Кизата из Эсоса огромным усилием воли сдержал свою ярость. Крегер увидел, как зашевелились его губы и пальцы принялись выплетать в воздухе сложный узор.
– Пойдем-ка отсюда, Кабах! – торопливо проговорил он.
– С какой стати? Чокнутый велел нам смотреть на все это.
– Тебе совсем не понравится то, что ты сейчас увидишь, – заверил его Крегер. – Кизата плетет заклинание – скорее всего, земохское. Он призывает демона, чтобы тот научил нашего «императора» точному значению слова «повиновение».
– Он не может так поступить. Заласта оставил своего сына за главного.
– Нет, сейчас здесь командует Кизата.
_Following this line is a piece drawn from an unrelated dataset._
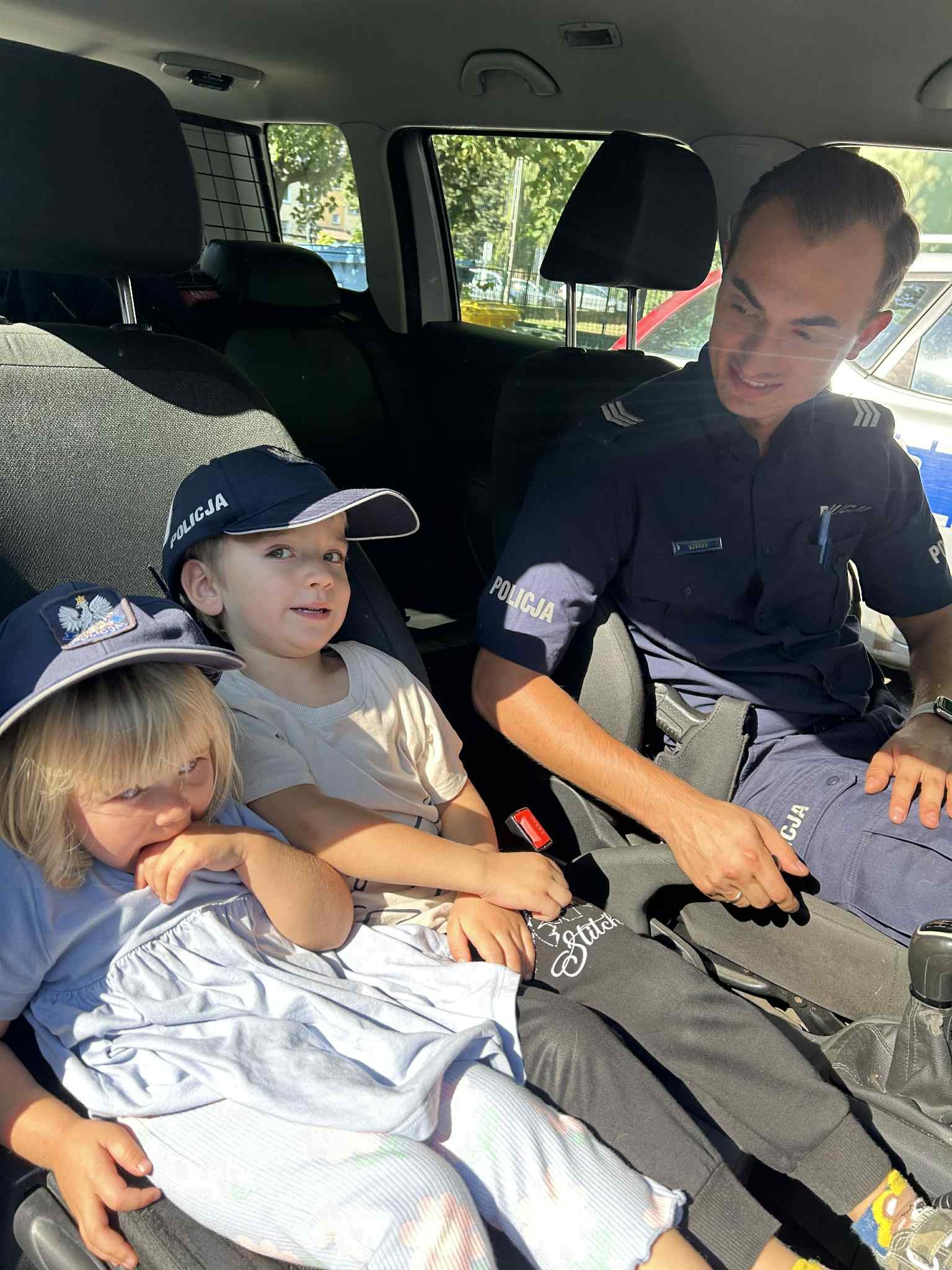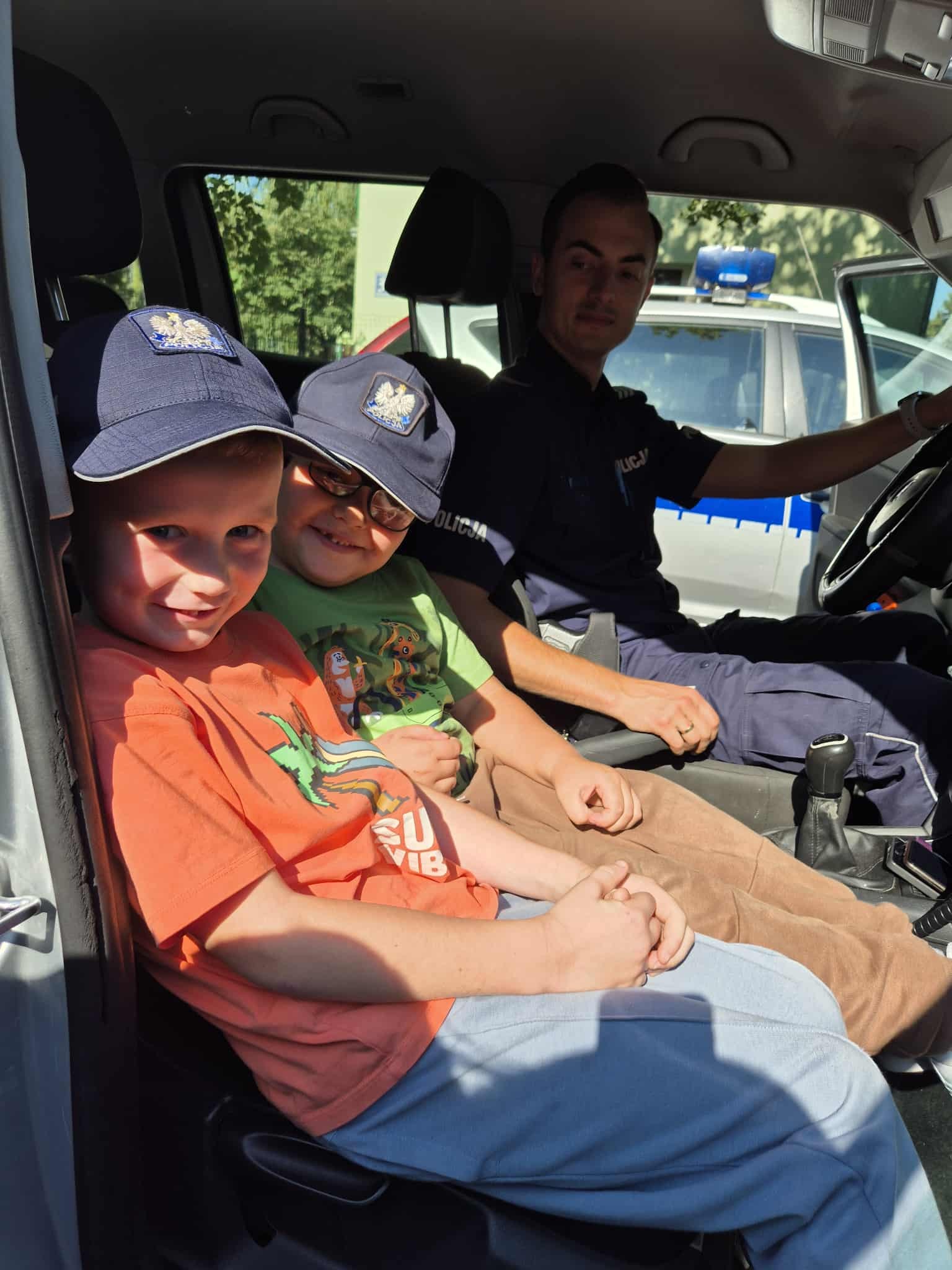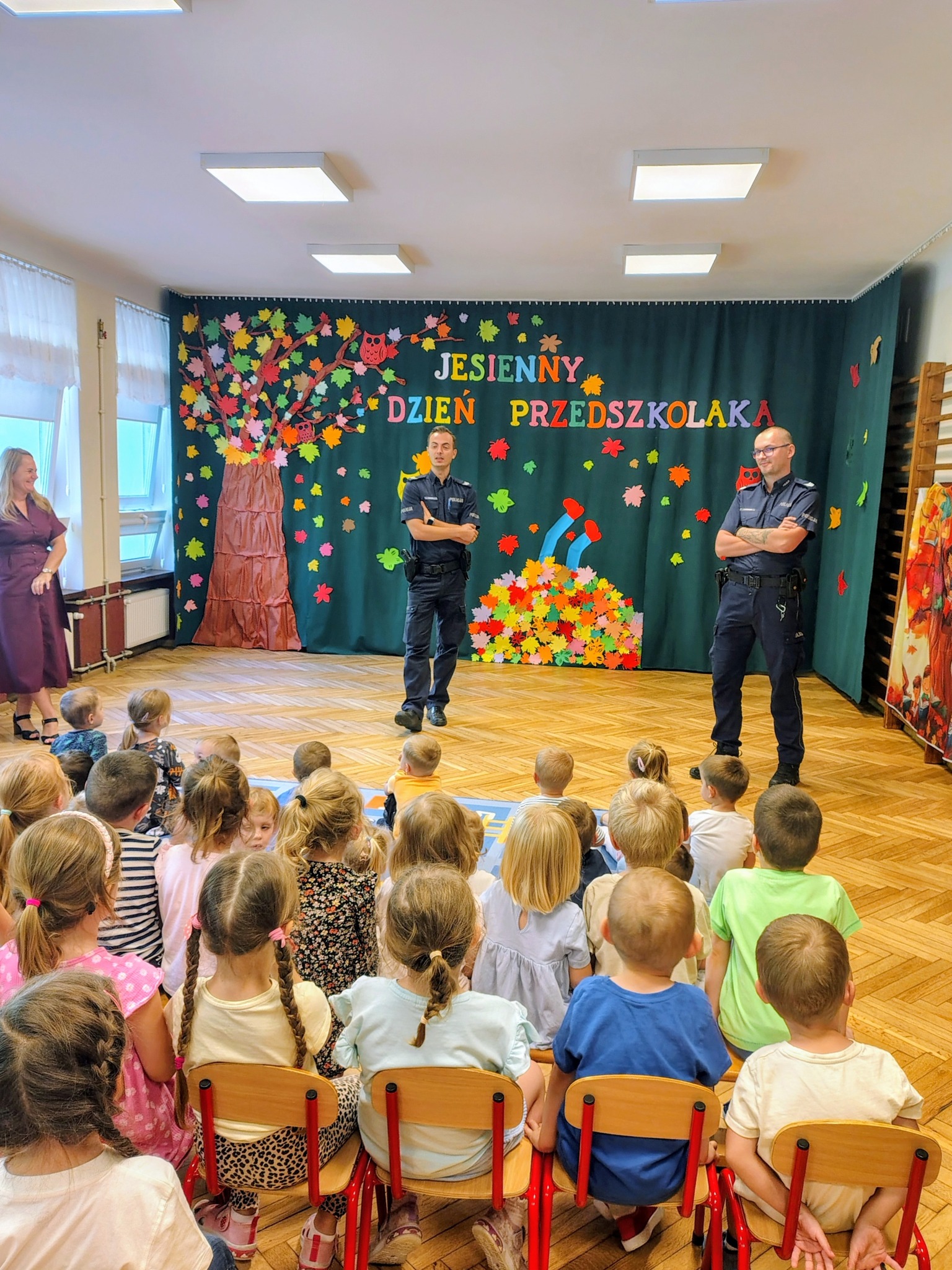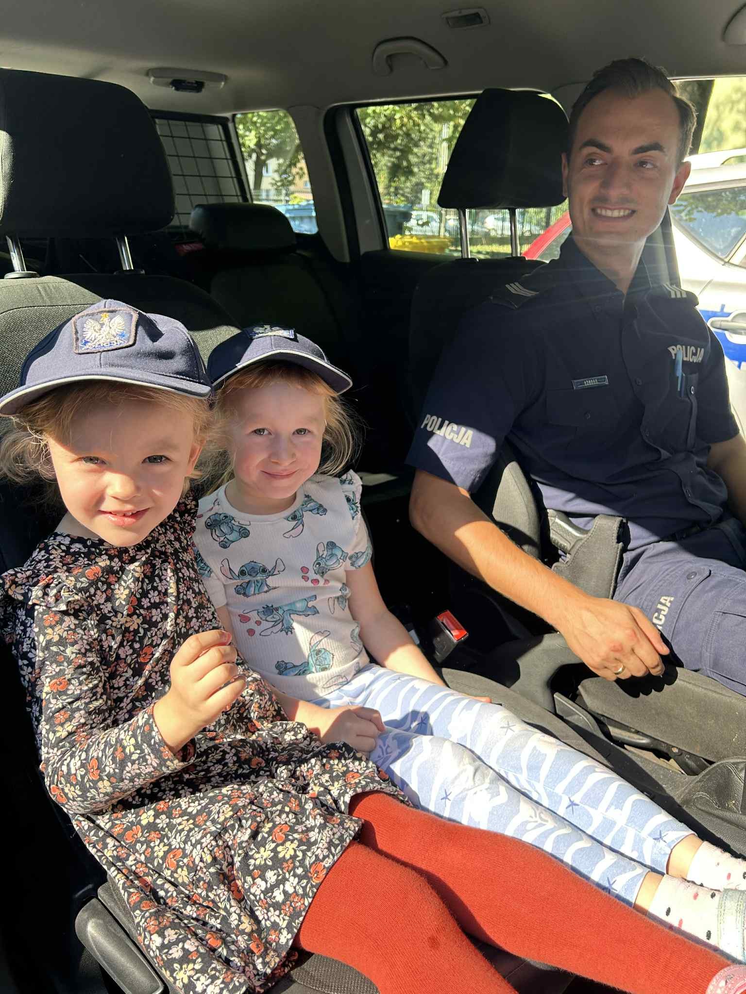 Skaba oraz asp. Łukasz Surma wraz z psem Szewronem. Goście przeprowadzili pogadankę na temat bezpieczeństwa na drodze oraz placu zabaw. Zwrócono uwagę na odpowiednie zachowanie podczas spotkania z nieznajomym. Dzieci dowiedziały się, jak należy postępować, gdy podejdzie do nich obcy pies. Przedszkolaki wiedzą już, że nie należy otwierać drzwi nieznajomemu. Największą atrakcją dzisiejszej wizyty było spotkanie z policyjnym psem, Szewronen, który na co dzień pomaga wykrywać narkotyki. Dzieci miały również okazję zobaczyć, jak wygląda z bliska radiowóz policyjny. Wszyscy byli zachwyceni . Zobaczcie sami, Serdecznie dziękujemy naszym gościom za ciekawe i pouczające spotkanie.

Я сам слышал, как Заласта велел стирику, который сейчас вывихивает себе пальцы, прикончить Скарпу в тот миг, когда он переступит черту. Не знаю, как ты, друг мой, а я пойду поищу, где бы спрятаться. Мне и прежде доводилось видеть тварей, служивших Азешу, а нынче утром мой желудок чересчур чувствителен, чтобы еще раз переварить это зрелище.
– Крегер, ты накличешь на нас беду.
– Отнюдь нет – если демон, которого вызывает сейчас Кизата, сожрет Скарпу живьем со всеми потрохами. – Крегер сделал глубокий вдох. – Дело твое, Кабах. Оставайся, если хочешь, но я лично сыт Натайосом по горло.
– Собираешься дезертировать? – с ужасом спросил Кабах.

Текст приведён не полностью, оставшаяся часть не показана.